Exercise data:

════════════════════

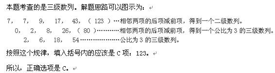 问题 7,7,9,17,43,( ) A.119 B.117 C.123 D.121
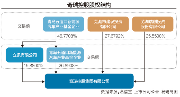 交易完成后,立讯有限不对奇瑞控股、奇瑞股份及奇瑞新能源构成控制。同时,青岛五道口持有的奇瑞控股46.77%股权降至26.89%,将从第一大股东的位置成为第二大股东,低于芜湖市建设投资有限公司(芜湖市国资委全资控股)27.68%的持股比例。
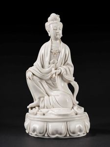 h cm 36 Cina, fine dinastia Qing raffigurante guanyin assisa su una base a fiore di loto mentre regge nella mano [..]

════════════════════

Requirement:
The response must match the listing exactly, except that pictures are removed.

Written answer:
 问题 7,7,9,17,43,( ) A.119 B.117 C.123 D.121
 交易完成后,立讯有限不对奇瑞控股、奇瑞股份及奇瑞新能源构成控制。同时,青岛五道口持有的奇瑞控股46.77%股权降至26.89%,将从第一大股东的位置成为第二大股东,低于芜湖市建设投资有限公司(芜湖市国资委全资控股)27.68%的持股比例。
 h cm 36 Cina, fine dinastia Qing raffigurante guanyin assisa su una base a fiore di loto mentre regge nella mano [..]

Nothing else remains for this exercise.